- Born: Carlos Mendes January 16, 1959 (age 67) Manhattan, New York, United States
- Genres: Hip-hop
- Occupation: DJ
- Years active: 1975–present

= DJ Charlie Chase =

American DJ (born 1959)

Carlos Mendes (born January 16, 1959), also known as DJ Charlie Chase, is a Puerto Rican DJ. He helped establish the Latino community as a contributing force in the Bronx's early hip-hop culture. DJ Charlie Chase is recognized for his contributions to the early development of hip-hop music and culture. Chase joined the hip-hop scene in 1975 as a founding member of The Cold Crush Brothers, along with DJ Tony Tone and members Grandmaster Caz, Jerry Dee Lewis, Almighty KG, and EZ A.D. In 1980, Chase and DJ Tony Tone were responsible for organizing the first MC convention in hip-hop history.

== Early life ==
Chase was born in Manhattan, New York, on January 16, 1959, to Puerto Rican–born parents. His family moved often and lived in different New York City neighborhoods, which were primarily Puerto Rican or Black. Chase began playing music as a bassist at the age of fourteen, performing a variety of musical styles. Chase produced his first album at the age of 16.

== Career ==
In the 1980s, Chase DJ'd for WBLS alongside Funkmaster Flex. Chase received criticism from some in the Hispanic community for playing hip-hop music because, at the time, it was regarded as a distinctly Black form of music. He merged hip-hop with salsa, among other genres. In the early 1980s, Chase was the DJ for the New York group The Cold Crush Brothers, the first hip-hop group to be signed by CBS Records. In 1981, Chase got his first movie role, playing himself in the film Wild Style, in which he had a small speaking part and performed with his group. Chase was inducted into the Technics DMC DJ Hall of Fame in 2003.

== Influence ==
Chase was among the few Hispanic artists in the early hip-hop scene. He has opened up about not feeling welcome in hip-hop: “[it's] a Black thing and something that’s from their roots…being Hispanic, you’re not accepted in rap.”

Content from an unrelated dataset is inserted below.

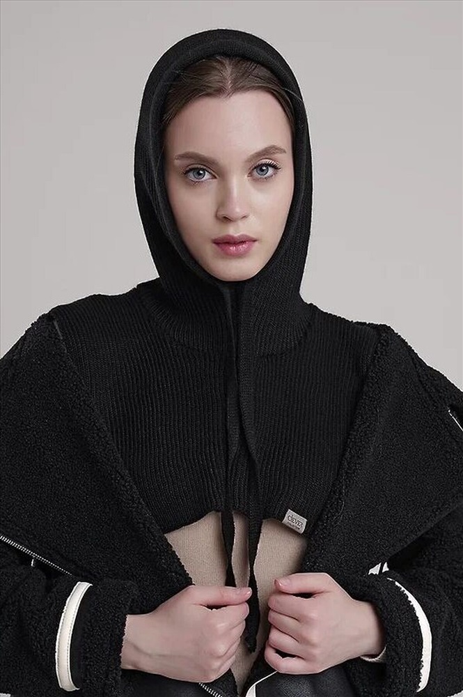 Женский однослойный капюшон на завязках. Приятен на ощупь и совсем не колется. Капор может заменить сразу и шапку, и шарф, надежно защитив от холода и ветра в любую непогоду.

Chase was vocal about his ethnicity, despite some backlash. “That was my way of opening the doors for everybody else to do what they’re doing now,” he said, “and being that I was there at the very beginning, that was the way I had to do it. That was my contribution.”

When artists like The Mean Machine began to popularize Spanish-language hip-hop, Chase was wary that they were straying too far from hip-hop's roots. Eventually, he recognized their new contributions to the genre and put his support behind what he deemed “cool and new.”

Chase's work influenced many artists who came after him, such as underground acts like Mellow Man Ace and Latin Empire, as well as mainstream rappers like Fat Joe and Big Pun.